The appellant prosecutes this appeal from a verdict and judgment finding him guilty of voluntary manslaughter, under an indictment for murder, and fixing his punishment at confinement in the penitentiary for an indeterminate period, of not less than two nor more than twenty-one years.

It appears from the record that appellant, at a saloon entrance in Dayton, inflicted wounds upon one Ueorge Beinker with a knife of which he died on the following day. The evidence showed his enmity toward deceased and its continuance for several weeks before the killing; also that he indulged in threats against him. It also showed that one hour before the cutting he be stowed upon deceased, in his hearing, an insulting *183epithet, which the latter did not resent; that an hour later they met in a saloon and angry words passed between them, following which and a reprimand from the saloon keeper, appellant left the saloon. Down to this point there was no conflict in the evidence. Other evidence introduced by the Commonwealth conduced to prove that deceased remained in the saloon a half hour after appellant’s departure and then left it by a side entrance and upon getting out of the saloon was met by appellant who attacked him and cut him, with a knife; that in attempting to protect himself from the knife in the hands of appellant deceased struggled with and threw him to the ground, but immediately jumped up and ran into the saloon with blood streaming from his wounds.

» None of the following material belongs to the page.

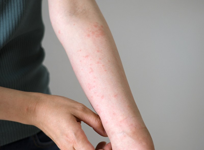 皮膚科を受診される患者様に、とても多く見られる症状です。ブツブツや小さな水ぶくれ、赤みなどが混ざって現れ、痒みも伴います。様々な原因で起こりますが、自己免疫や食物アレルギー、ダニ、ハウスダスト、薬疹などが代表的です。湿疹は痒みを伴うことが多いため、ついつい掻いてしまいがちですが、患部を掻き壊してしまうと病状が一層悪化するので注意してください。
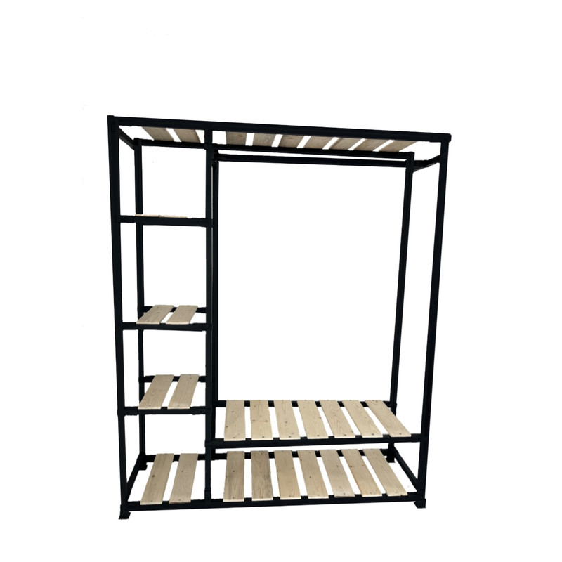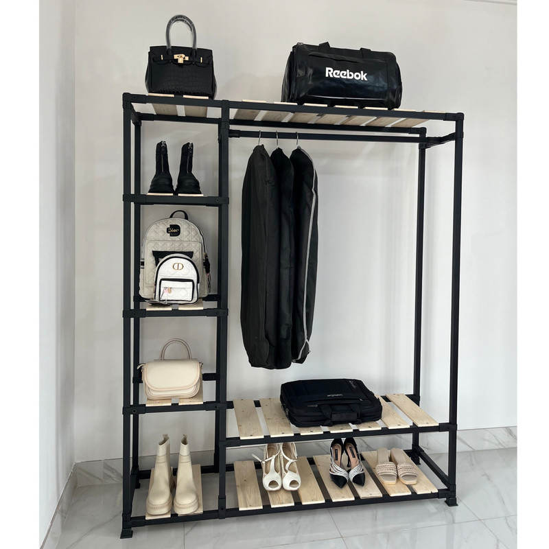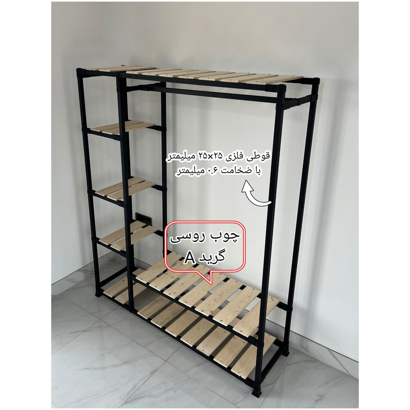 رگال لباس جاکفشی دار مدل MJ404 از قوطی آهن ۲۵×۲۵ میلیمتر با ضخامت ۰.۶ میلیمتر و با رنگ کورهای ساخته شده که در هر طبقه آن از چوب روسی گرید A با ضخامت ۹ میلیمتر که بسیار محکم میباشد استفاده شده است. اتصالات بسیار قوی آن با رنگ کورهای مشکی میباشد و قابلیت تغییر ارتفاع تمامی طبقات رگال را با توجه به نیاز شما دارد. همراه این رگال آچار آلن و کاتالوگ نصب نیز برای شما ال میگردد.

Evidence introduced in appellant’s behalf conduced to prove that he returned to the saloon with a friend not knowing deceased was still there; that upon his reaching the side entrance to the saloon he was met by deceased coming out; that the latter immediately struck and threw him to the ground; and that appellant' while on the ground beneath deceased, cut him in his necessary self defense. These facts all went to the jury and it is not improper to say that the evidence as a whole authorized the verdict returned by them.

Appellant moved for a new trial upon the grounds, first, that the verdict was flagrantly against the evidence; second; that the court erred in admitting incompetent evidence; third, that the jury were not properly instructed.

The first of these grounds we have already disposed of. The second is untenable, for the record wholly fails to show the admission of any incompetent evidence.

The third ground is wholly devoid of merit. We have rarely seen instructions that so fully, briefly and clearly gave the law applicable to the case presented, as did those given by the court on appellant’s trial.

No reason is apparent for disturbing the verdict. Therefore, the judgment is affirmed.